This generates as output:
- A folder with a subfolder for each wikipedia partition. Each subfolder has a txt file with the annotations and a pkl file with a pickled annotation data structure.
- A file called Entities_Statistics with basic statistical information of the generated corpus (number of sentences and number of tokens).
python punct_alignment_BIO.py
This script will use the output from step 2.4 as input. If the name of this output folder is different than process_wiki_files_output, change the name in this script. It verifies tokenization, correcting some punctuation problems and format the annotations according to the BIO format.
It generates as output:
- A folder (process_wiki_files_output_BIO) with with a subfolder for each wikipedia partition. Each subfolder has a txt file with the annotations with the applied corrections and using the BIO format.
- A concatenated file (inside the output folder) corpus_total_BIO with the whole annotated text (to be used in the next steps for statistical analysis).
This output can then be used to train a tagging model for that language. You have a choice of using the concatened file or select files from the subfolders.
python statistics_BIO.py
This script will use the concatenated output file from step 3.1 (corpus_total_BIO) as input.
It generates statistics_BIO file with the following information:
- Number of tokens
- Number of tokens with "O" tag
- Number of tokens concerning entities (tagged "B" or "I")

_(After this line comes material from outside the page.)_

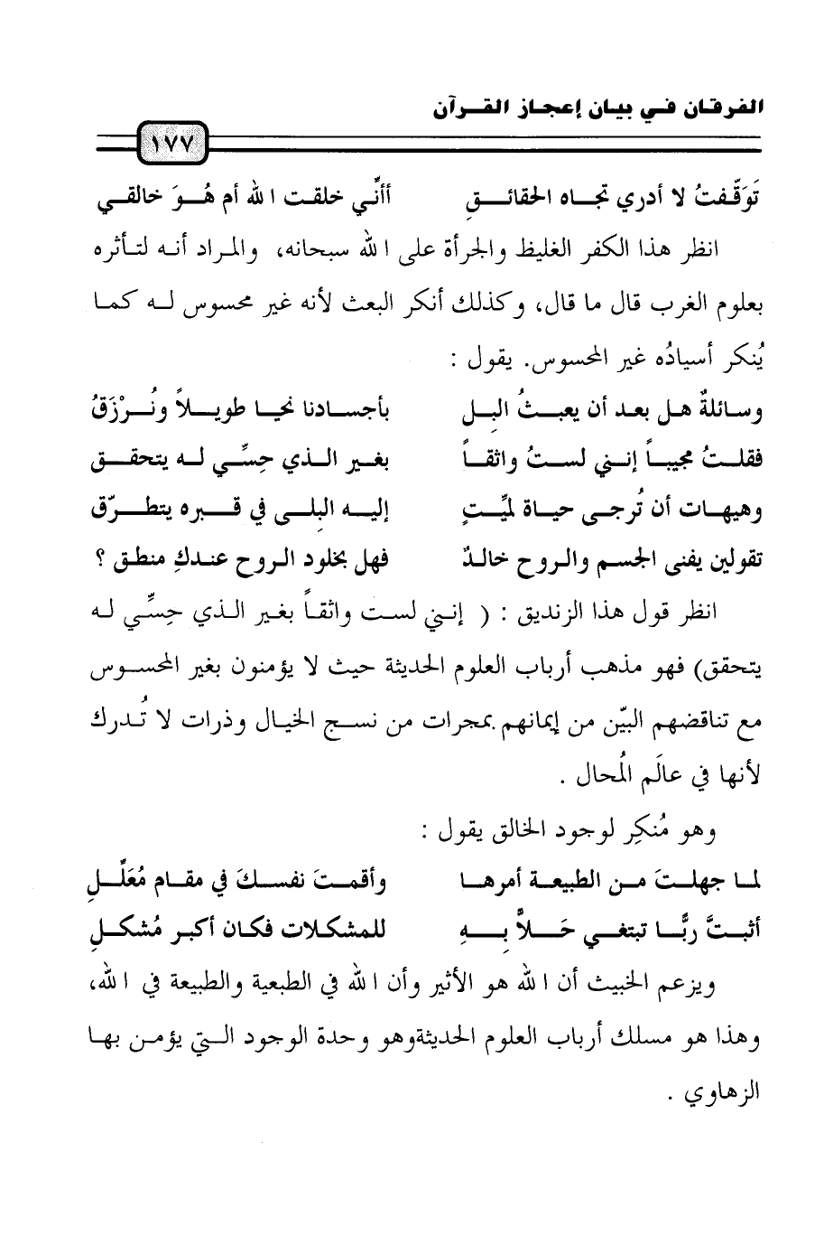 ويزعم الخبيث أن الله هو الأثير وان الله في الطبيعة والطبيعة في الله وهذا هو مسلك أرباب العلوم الحديثة وهو وحده الوجود التي يؤمن بها الزهاوي.

- Number of entities in the corpus
- List of UNER classes and number of occurrences in the corpus.
python statistics_BIO_advanced.py
This script will use the concatenated output file from step 3.1 (corpus_total_BIO) as input.
It generates statistics_advanced_BIO file with the following information:
- Number of unique entities in the concatenated corpus
- List of the unique entities and the corresponding UNER tag